Collect all lines from the records below that include the word "tractor".

────────

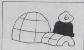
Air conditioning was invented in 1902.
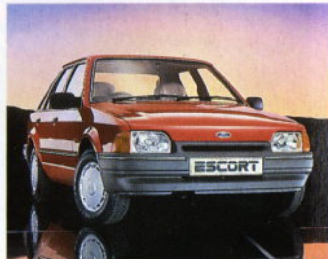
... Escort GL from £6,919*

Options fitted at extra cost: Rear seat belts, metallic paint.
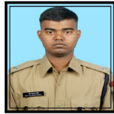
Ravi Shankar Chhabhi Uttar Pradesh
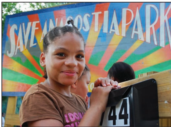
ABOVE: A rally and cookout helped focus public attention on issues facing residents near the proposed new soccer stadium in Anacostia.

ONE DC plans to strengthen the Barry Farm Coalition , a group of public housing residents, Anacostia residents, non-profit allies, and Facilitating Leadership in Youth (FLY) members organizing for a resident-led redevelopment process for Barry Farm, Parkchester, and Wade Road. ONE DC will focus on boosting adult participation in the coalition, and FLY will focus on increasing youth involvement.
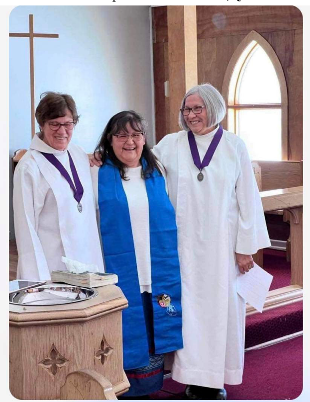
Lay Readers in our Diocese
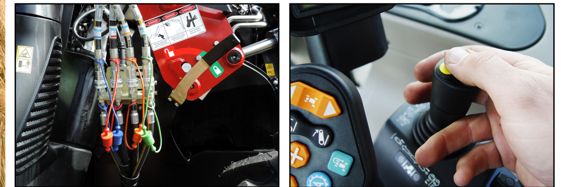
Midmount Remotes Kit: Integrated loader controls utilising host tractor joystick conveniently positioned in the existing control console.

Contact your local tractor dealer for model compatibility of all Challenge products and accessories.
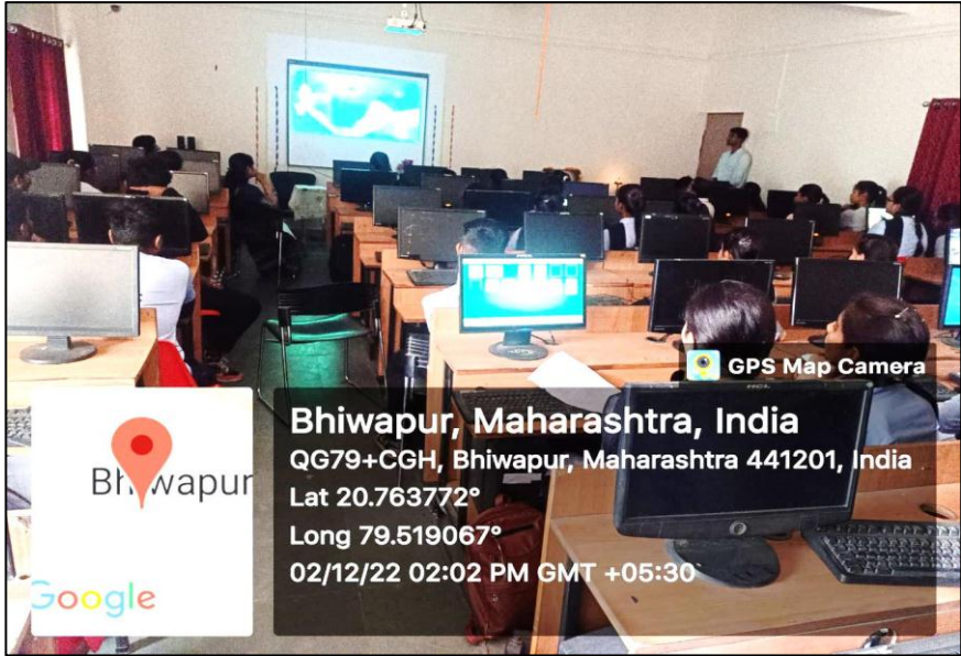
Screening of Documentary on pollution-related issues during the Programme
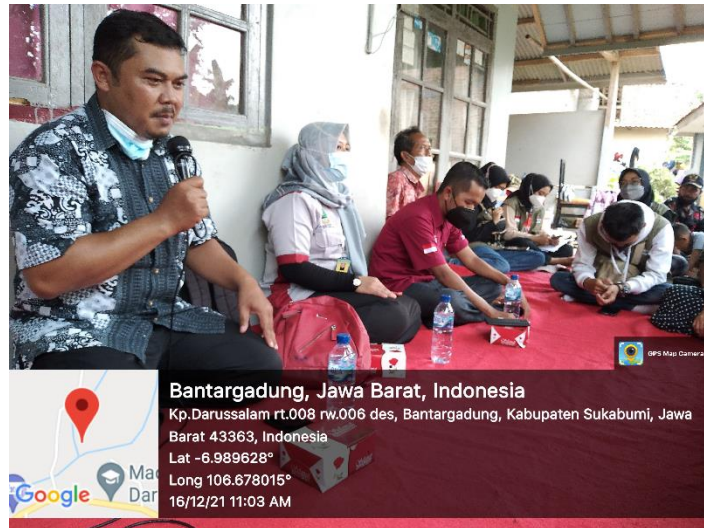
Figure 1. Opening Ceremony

────────

• _Result of the task_
Midmount Remotes Kit: Integrated loader controls utilising host tractor joystick conveniently positioned in the existing control console.
Contact your local tractor dealer for model compatibility of all Challenge products and accessories.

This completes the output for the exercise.